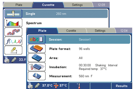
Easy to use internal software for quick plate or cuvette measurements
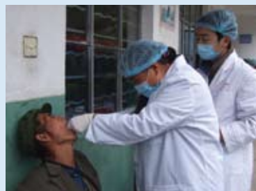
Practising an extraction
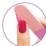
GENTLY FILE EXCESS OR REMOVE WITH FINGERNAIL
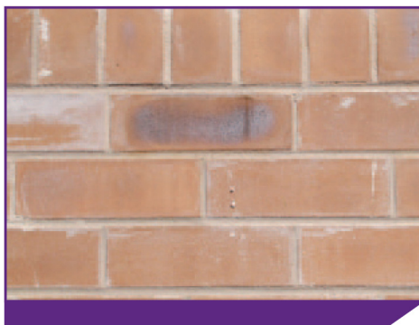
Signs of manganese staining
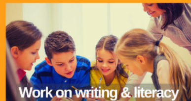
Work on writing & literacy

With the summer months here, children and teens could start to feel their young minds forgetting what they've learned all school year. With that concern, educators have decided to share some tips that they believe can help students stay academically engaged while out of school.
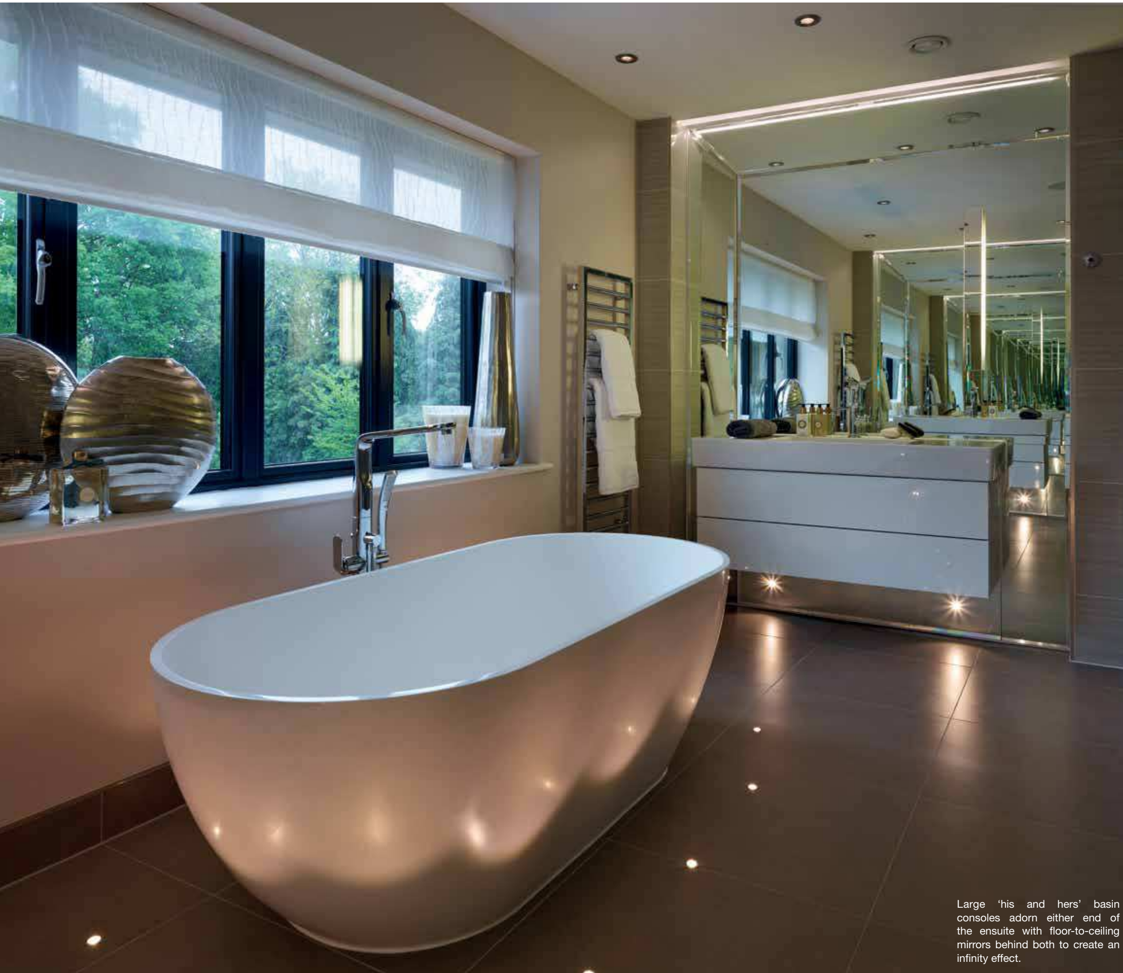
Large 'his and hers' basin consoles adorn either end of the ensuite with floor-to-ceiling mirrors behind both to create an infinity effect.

----

Task description |
Copy out every line of the data exactly, leaving the images behind.

Task result |
Easy to use internal software for quick plate or cuvette measurements
Practising an extraction
GENTLY FILE EXCESS OR REMOVE WITH FINGERNAIL
Signs of manganese staining
Work on writing & literacy

With the summer months here, children and teens could start to feel their young minds forgetting what they've learned all school year. With that concern, educators have decided to share some tips that they believe can help students stay academically engaged while out of school.
Large 'his and hers' basin consoles adorn either end of the ensuite with floor-to-ceiling mirrors behind both to create an infinity effect.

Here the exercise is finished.